Optionally, the order behavior includes one or more of the following:

In another aspect of the present invention, there is also provided an electronic device, including a processor, a communication interface, a memory and a communication bus, where the processor, the communication interface and the memory complete communication with each other through the communication bus;

a memory for storing a computer program;

and the processor is used for realizing any malicious order identification method when executing the program stored in the memory.

In yet another aspect of the present invention, there is also provided a computer-readable storage medium having stored therein instructions, which when run on a computer, cause the computer to perform any one of the above described methods for malicious order identification.

In yet another aspect of the present invention, the present invention also provides a computer program product containing instructions, which when run on a computer, causes the computer to execute any of the above described methods for malicious order identification.

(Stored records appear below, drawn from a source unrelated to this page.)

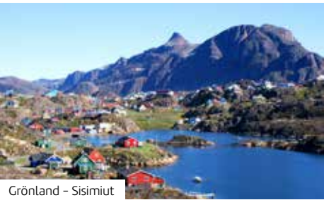
Grönland – Sisimiut

Die MS Hamburg von Plantours Kreuzfahrten zeichnet sich durch ihre Größe aus: Mit maximal 400 Gästen ist sie ein kleines, familiäres Schiff und ideal für außergewöhnliche Reiserouten für Weltbummler fernab des Massentourismus. An Bord herrscht eine persönliche, legere und herzliche Atmosphäre. Auf nur sechs Decks ist alles schnell erreichbar – sei es das Restaurant, der Lounge-Bereich oder der Sonnendeck-Pool. Die übersichtliche Bauweise ermöglicht zudem das Anlaufen kleinerer Häfen – perfekt, um Komfort und Individualität auf exklusiven Routen zu vereinen. Dank ihrer kompakten Form ist die MS Hamburg wie gemacht für außergewöhnliche Ziele im hohen Norden. Ob zerklüftete Fjorde, abgelegene Siedlungen oder gewaltige Gletscher – das Schiff bringt Sie dorthin, wo große Kreuzfahrtriesen passen müssen. Nach einer umfassenden Modernisierung überzeugt das Schiff mit geschmackvollem Ambiente und durchdachtem Design: neu gestaltete Kabinen, stilvolle Rückzugsorte, eine offene Poolbar sowie neue Genussbereiche mit maritimer Atmosphäre laden zum Verweilen ein. Deutschsprachige Betreuung, ein aufmerksamer Service und ein abwechslungsreiches Unterhaltungsangebot mit spannenden Lektorenvorträgen sorgen für entspannte Seetage. Kulinarisch verwöhnt Sie die MS Hamburg mit einer Mischung aus gehobener Küche und regional inspirierten Spezialitäten – wahlweise à la carte oder in Buffetform. Wer mag,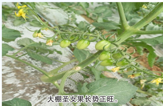
大棚圣女果长势正旺。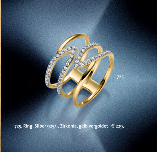
725. Ring, Silber 925/-, Zirkonia, gelb vergoldet € 229,-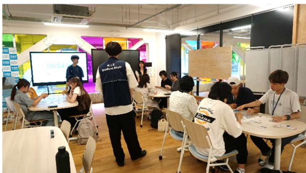
学生スタッフによるイベント運営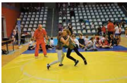
Pierwszy krok w zapasach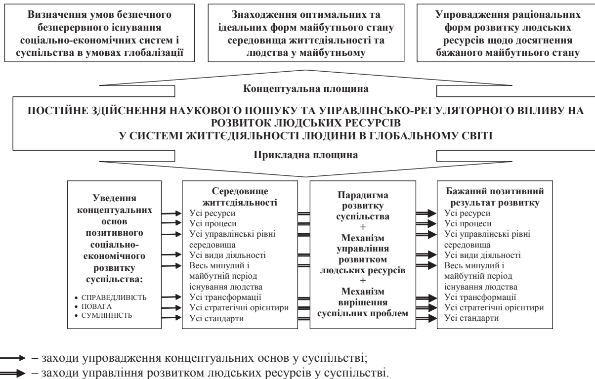
Рис. 2. Схема теоретичної моделі нової глобальної економічної системи координації розвитку людських ресурсів у XXI ст.*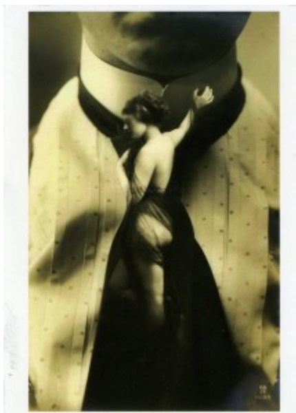
«Krawattennymphe», carta postal de Peter Weiss de l'any 1910

No saps amb quina mà el meu nu et despulla. No saps per quin coll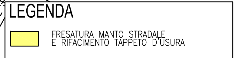
TAVOLA N. 3/a - Scala 1:2000 Via Arginotto - frazione Ponteventuno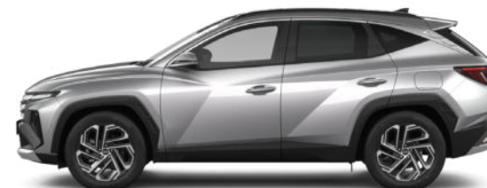
Shimmering Silver Metallic Kontrastdach verfügbar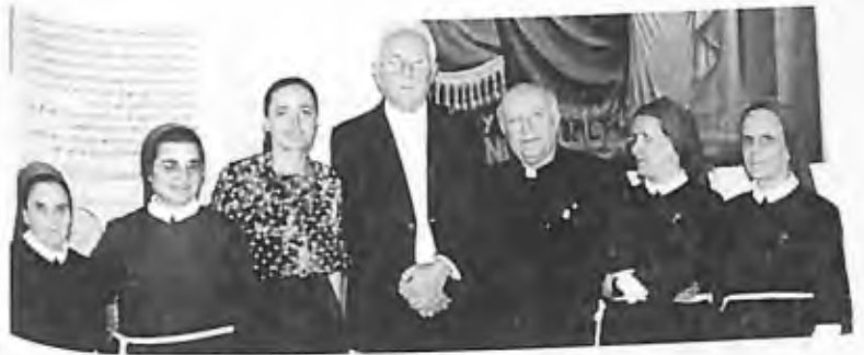
37) 1997 - Soufanieh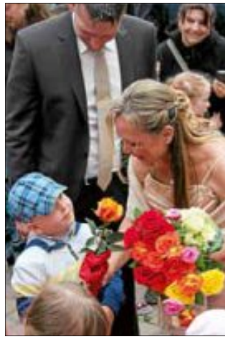
es gibt Rosen für die Braut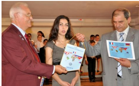
Echange de fanion

Lette remise de la charte de jumelage entre la section arménienne et la section française du CIP a eu lieu à l'école des arts de Gyumri le samedi 21 septembre à l'occasion de la venue de membres du bureau de la section française en Arménie.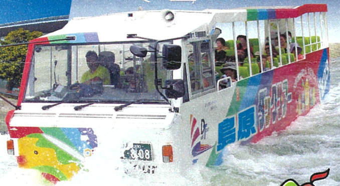
島原復興アリーナ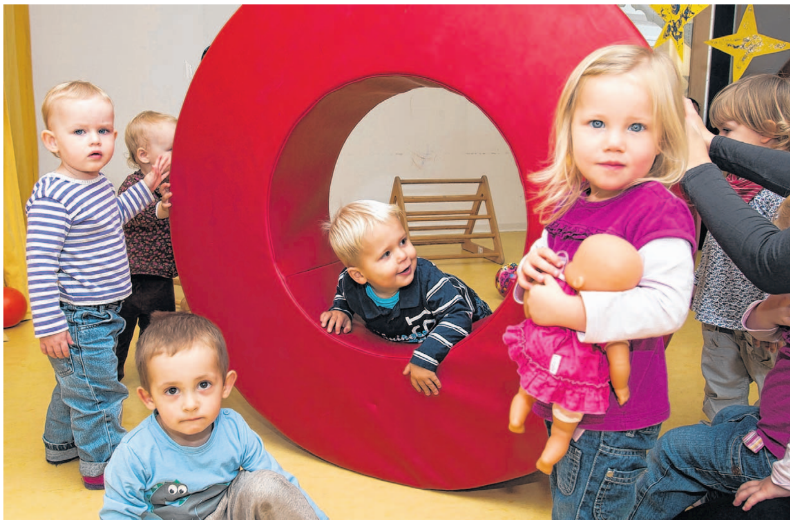
Nicht nur die BASF baut bei „LuKids“ (Bild) ihre Kinderbetreuung aus. Auch die Stadt und die freien Träger wollen ihre Einrichtungen erweitern.

Hinweise an die Polizei unter Telefon 0621/963-1163

In the scheme provided by the embodiment of the invention, the received data of the order behaviors to be identified can be analyzed by utilizing an analysis model to obtain the malicious scores of the order behaviors to be identified, wherein the analysis model is obtained by performing model training according to the preset data of the order behaviors, and whether the order behaviors belong to the malicious order behaviors or not is judged according to the malicious scores. Therefore, when the embodiment of the invention is applied, the analysis model is obtained based on the data training of the preset order behavior, so that the analysis model can be expanded according to the requirement, the analysis model has self-adaptability and a wide analysis range, the success rate of malicious order recognition is improved, and the malicious order recognition range is expanded. Of course, not all of the advantages described above need to be achieved at the same time in the practice of any one product or method of the invention.

Drawings

In order to more clearly illustrate the embodiments of the present invention or the technical solutions in the prior art, the drawings used in the description of the embodiments or the prior art will be briefly described below.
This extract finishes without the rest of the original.